Assigned task:
Please keep to the lines below from the one with "Højde 50 cm x dybde 55 cm x bredde 75 cm." through the one with "Piața Sfântul Petru", and restate them word for word, ends included.

Task material:
- Opening Delimiter -

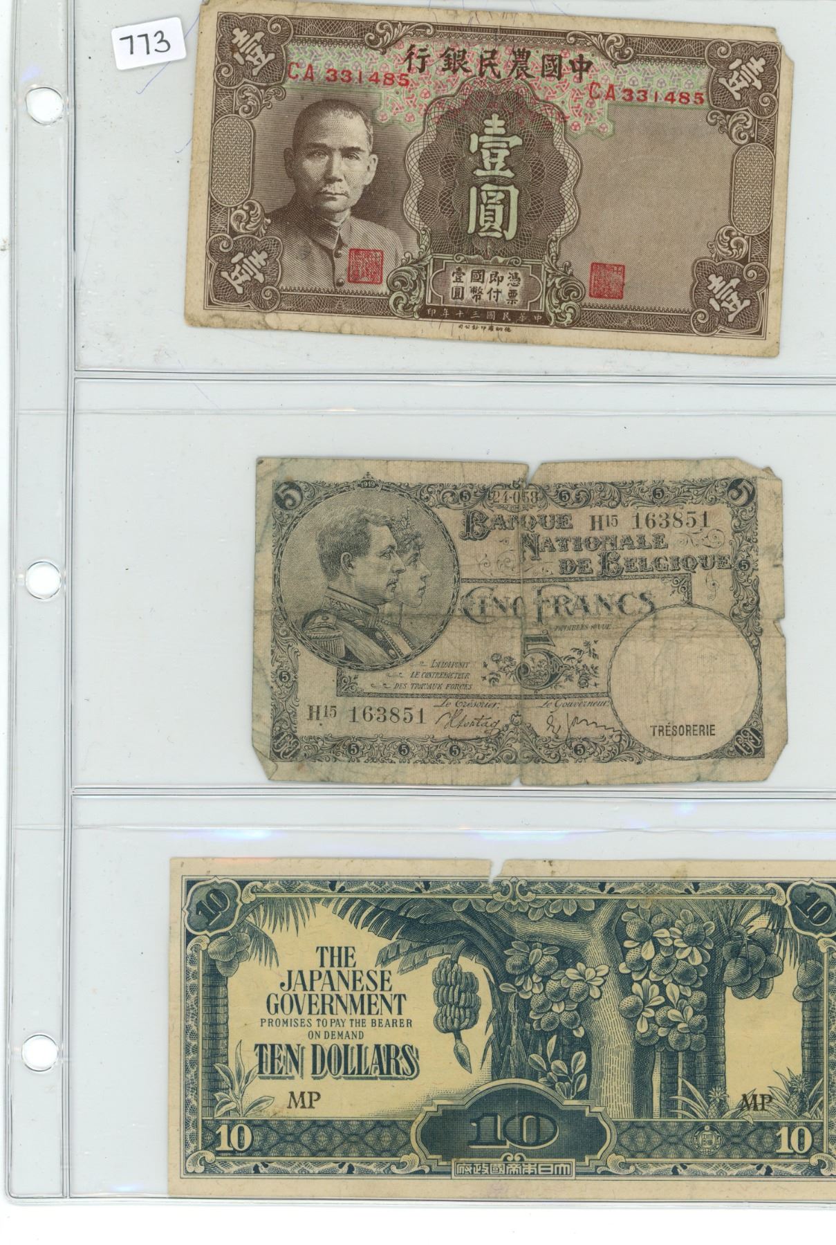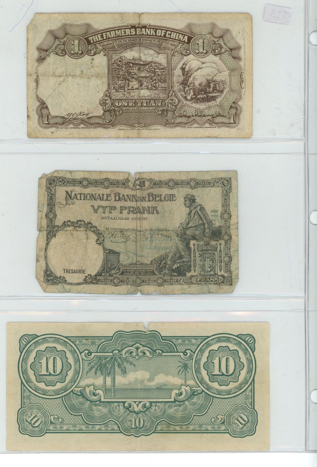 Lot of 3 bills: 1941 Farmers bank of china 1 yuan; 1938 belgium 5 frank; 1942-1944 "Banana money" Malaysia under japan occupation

- Closing Delimiter -
- Opening Delimiter -

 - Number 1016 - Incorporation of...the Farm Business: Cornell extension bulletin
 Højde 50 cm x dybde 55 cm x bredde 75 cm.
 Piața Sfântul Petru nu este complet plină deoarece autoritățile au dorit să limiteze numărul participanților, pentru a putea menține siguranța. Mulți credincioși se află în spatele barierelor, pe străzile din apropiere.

- Closing Delimiter -

Result for this exercise:
 Højde 50 cm x dybde 55 cm x bredde 75 cm.
 Piața Sfântul Petru nu este complet plină deoarece autoritățile au dorit să limiteze numărul participanților, pentru a putea menține siguranța. Mulți credincioși se află în spatele barierelor, pe străzile din apropiere.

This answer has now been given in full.